» **Extracted material**
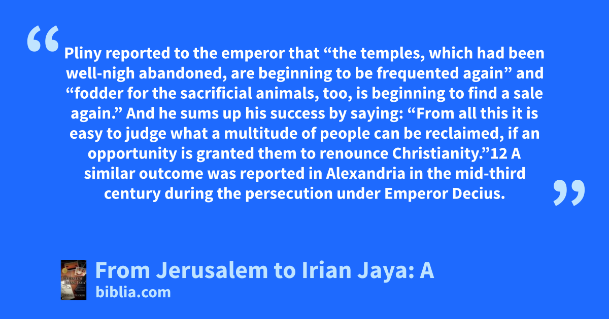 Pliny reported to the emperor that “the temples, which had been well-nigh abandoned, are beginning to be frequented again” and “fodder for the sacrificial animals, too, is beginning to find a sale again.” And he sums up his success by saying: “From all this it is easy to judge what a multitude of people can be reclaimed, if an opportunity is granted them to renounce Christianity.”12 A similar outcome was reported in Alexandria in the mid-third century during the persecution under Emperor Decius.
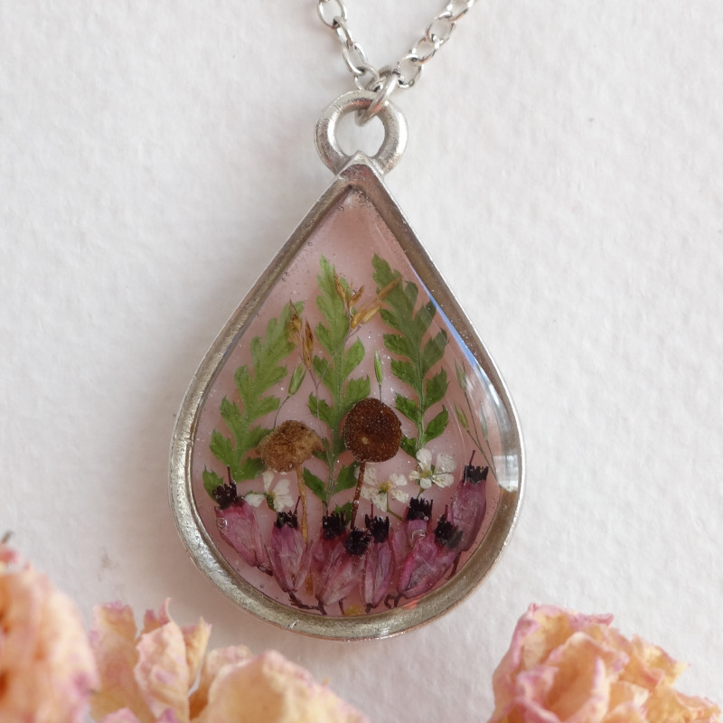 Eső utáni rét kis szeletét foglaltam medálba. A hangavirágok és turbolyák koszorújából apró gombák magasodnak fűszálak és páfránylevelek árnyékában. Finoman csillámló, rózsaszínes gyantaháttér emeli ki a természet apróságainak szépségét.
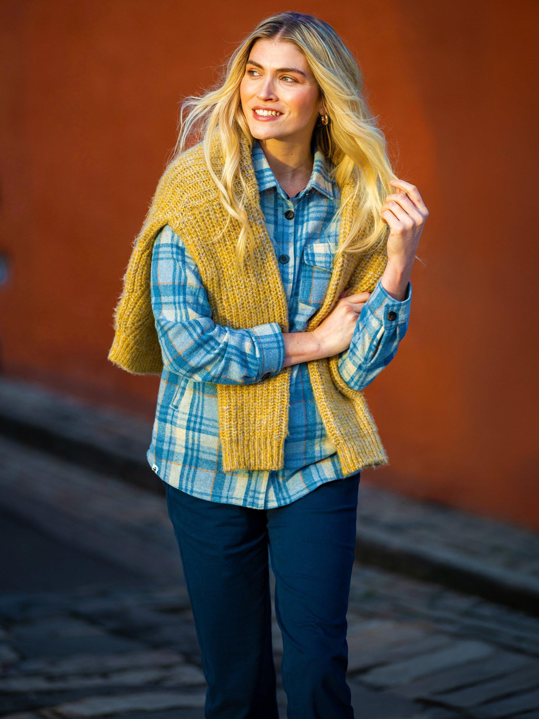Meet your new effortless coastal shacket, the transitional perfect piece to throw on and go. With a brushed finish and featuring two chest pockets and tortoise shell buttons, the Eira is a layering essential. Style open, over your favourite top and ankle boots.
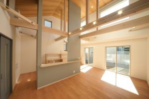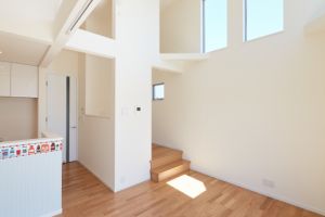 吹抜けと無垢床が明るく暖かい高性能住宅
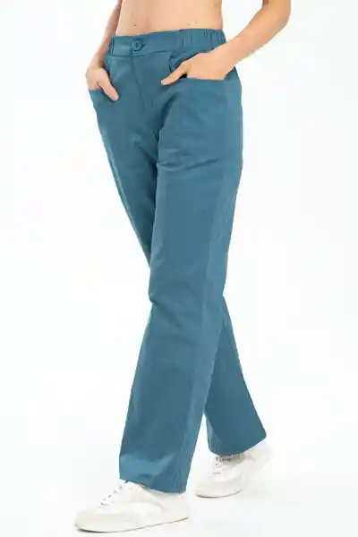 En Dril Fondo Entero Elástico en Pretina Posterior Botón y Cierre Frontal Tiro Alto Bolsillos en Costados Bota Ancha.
...
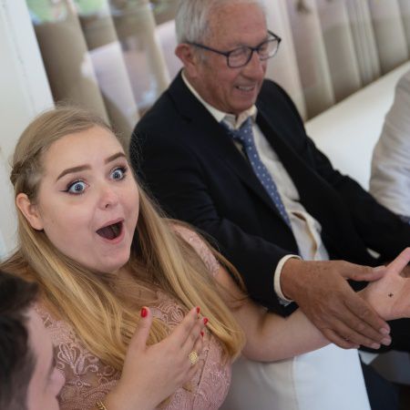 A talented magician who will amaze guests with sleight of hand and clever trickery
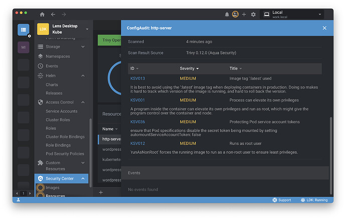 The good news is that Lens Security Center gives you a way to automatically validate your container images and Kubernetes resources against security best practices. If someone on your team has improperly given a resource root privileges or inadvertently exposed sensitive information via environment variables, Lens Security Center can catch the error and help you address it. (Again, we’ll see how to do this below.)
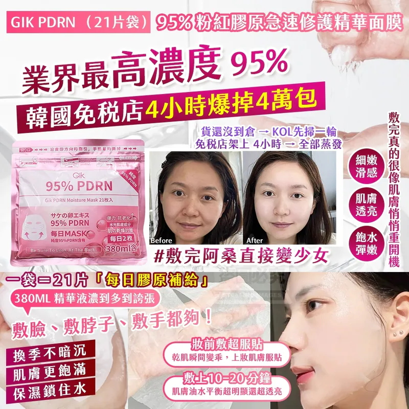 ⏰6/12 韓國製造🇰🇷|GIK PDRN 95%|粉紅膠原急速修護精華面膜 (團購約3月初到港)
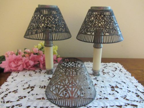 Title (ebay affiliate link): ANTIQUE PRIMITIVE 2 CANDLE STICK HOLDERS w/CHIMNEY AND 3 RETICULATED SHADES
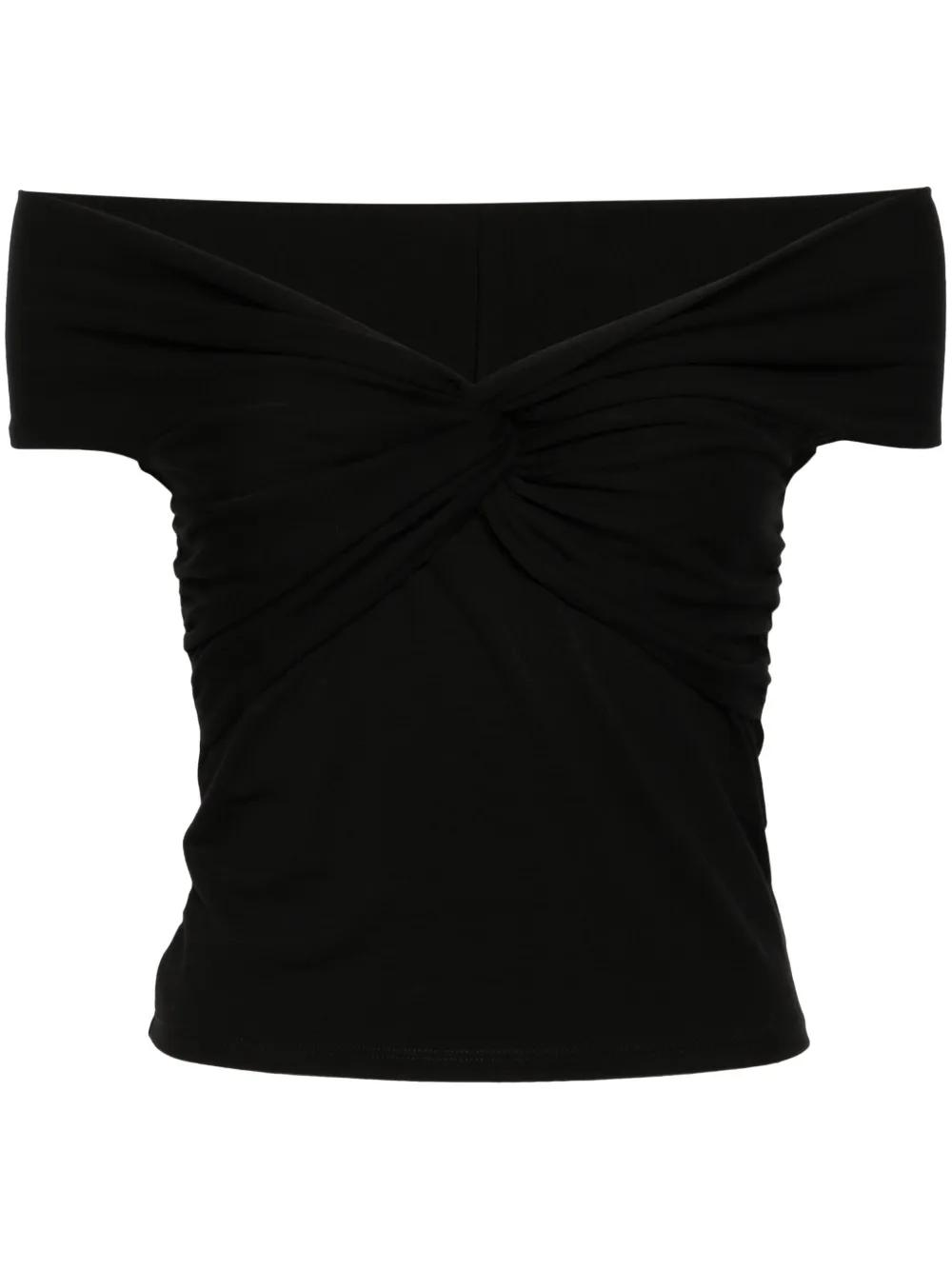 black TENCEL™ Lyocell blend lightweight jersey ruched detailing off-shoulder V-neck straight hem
* * *
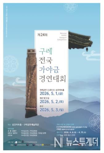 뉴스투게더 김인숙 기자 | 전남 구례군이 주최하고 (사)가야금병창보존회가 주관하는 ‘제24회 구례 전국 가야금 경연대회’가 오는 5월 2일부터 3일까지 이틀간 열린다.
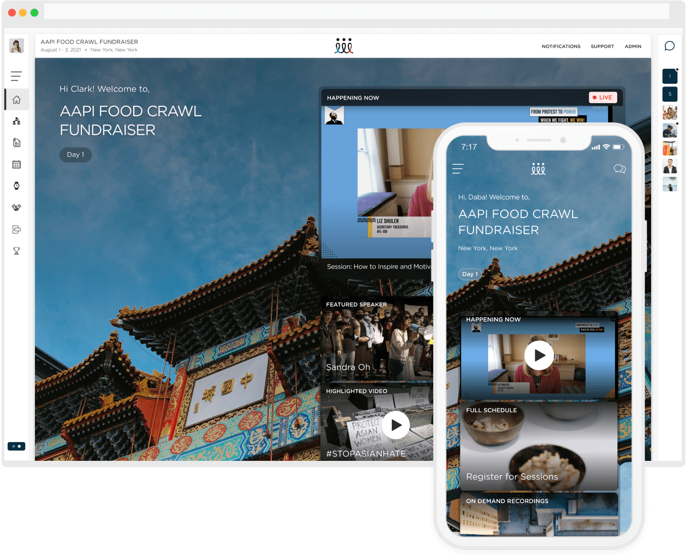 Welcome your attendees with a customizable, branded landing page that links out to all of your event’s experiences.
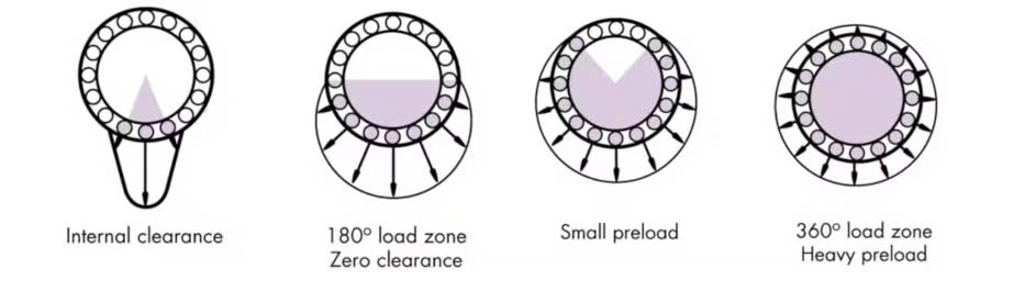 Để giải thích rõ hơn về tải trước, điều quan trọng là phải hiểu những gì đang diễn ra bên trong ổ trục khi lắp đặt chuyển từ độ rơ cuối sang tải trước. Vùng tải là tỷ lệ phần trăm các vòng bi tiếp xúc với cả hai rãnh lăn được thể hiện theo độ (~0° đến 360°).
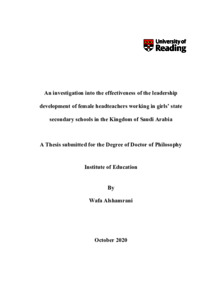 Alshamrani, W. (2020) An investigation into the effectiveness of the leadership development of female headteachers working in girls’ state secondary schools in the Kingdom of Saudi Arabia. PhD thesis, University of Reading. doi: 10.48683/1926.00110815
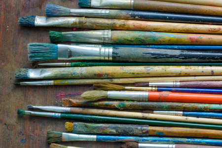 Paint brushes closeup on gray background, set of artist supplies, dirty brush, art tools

» **Activity**
Could the stretch from the line with "Để giải thích" through the line with "Paint brushes closeup" in the listing above be restated word for word, minus the pictures?

» **Finished task**
 Để giải thích rõ hơn về tải trước, điều quan trọng là phải hiểu những gì đang diễn ra bên trong ổ trục khi lắp đặt chuyển từ độ rơ cuối sang tải trước. Vùng tải là tỷ lệ phần trăm các vòng bi tiếp xúc với cả hai rãnh lăn được thể hiện theo độ (~0° đến 360°).
 Alshamrani, W. (2020) An investigation into the effectiveness of the leadership development of female headteachers working in girls’ state secondary schools in the Kingdom of Saudi Arabia. PhD thesis, University of Reading. doi: 10.48683/1926.00110815
 Paint brushes closeup on gray background, set of artist supplies, dirty brush, art tools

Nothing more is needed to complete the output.